Learning Resources and Activites
In this part of the activity you identify learning resources and activites to fill in the gaps identified above.
- Add a new header named "Learning Resources and Activities" to your team's Tech Spikes page.
- Each tech spike subteam adds their own subsection to the Learning Resources and Activities section. Populate the subsection with an annotated list of resources (with links) that will provide the knowledge and experience to fill the gap.
Some tips for building this list:
- Use resources that are identified by the project.
- Ask your project community. Using the appropriate communication channel, explain what you are trying to learn and how you think it will help your team engage with he project and ask for suggestions of good resources.
- Do a web search to identify resources (tutorials, lessons, videos, articles, etc.) that will help you begin to fill the gap.
- Examine a large number of resources superficially, then narrow them down to a small number (1-5) that seem the most appropriate.

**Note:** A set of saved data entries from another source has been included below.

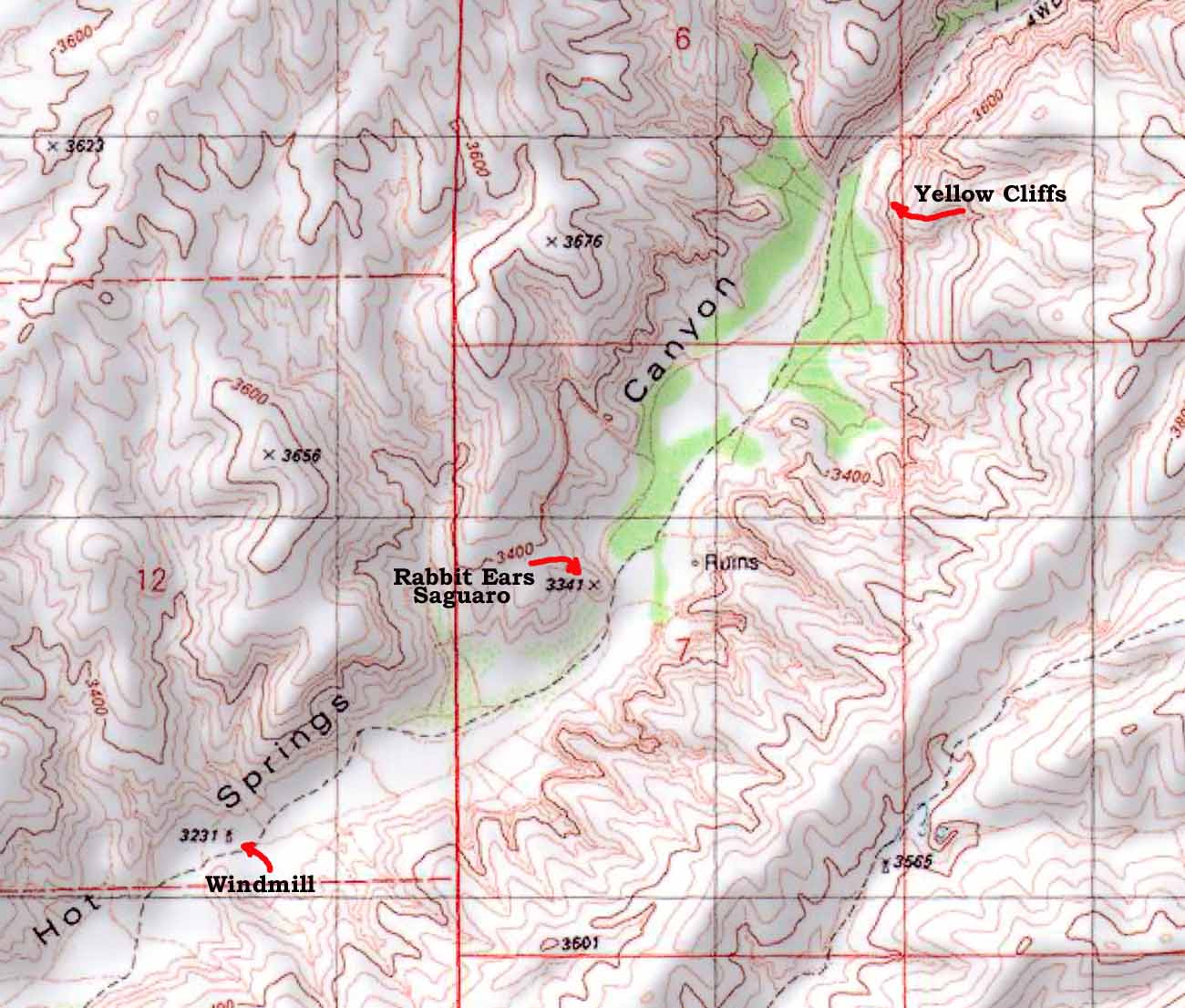 Map: the Windmill to the Yellow Cliffs. Click on the image to enlarge it.
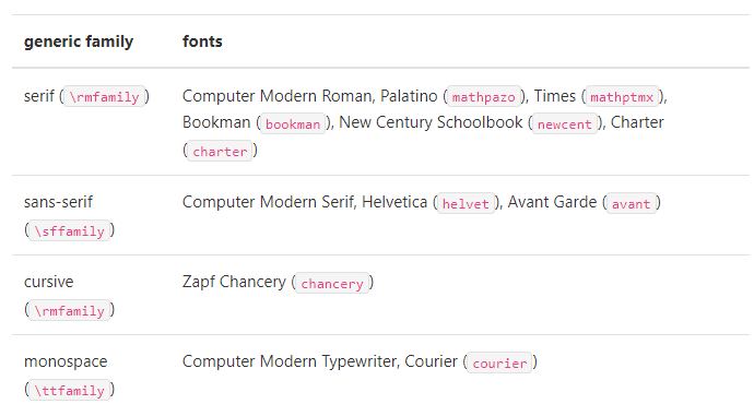 그 다음으로는 LaTeX를 쓸 때 텍스트 렌더링이다. 공식 문서에서는 다음과 같은 폰트 패밀리를 제공해주는 것으로 보인다.
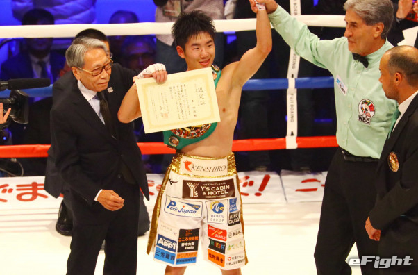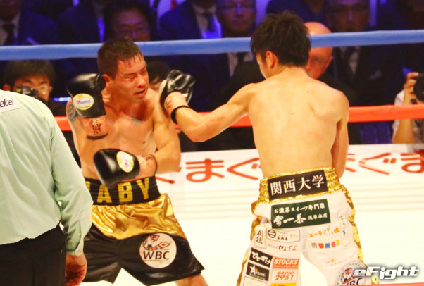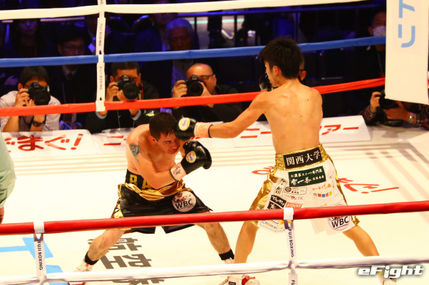 最終ラウンドでボディを打ち込む拳四朗
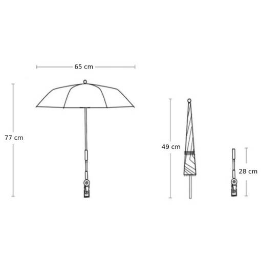 Vďaka praktickému klipu je možné dáždnik ľahko pripevniť na kočík alebo iné zariadenie, ako sú plážové ležadlá, a nastaviť ho podľa aktuálnych potrieb.

- Remember that the P1 assignment, due later in the semester, requires you to demonstrate something you have built or achieved during the tech spike. Therefore, choose at least one learning resource that will help you build a demo that is interesting and fun.
Submission
All outputs of this assignment are recorded on your team wiki pages as described above.
Rubric
A good grade can be achieved by: following all instructions accurately; producing material that reflects about three hours of effort per student for this assignment (with evidence of time spent on the Slack live log); employing correct grammar, effective design, and clear presentation of concepts on the relevant wiki pages. For an excellent grade, some evidence of additional research, insight, or thoughtfulness may be required.
Acknowledgment
This assignment is adapted from an assignment authored by Professor Braught.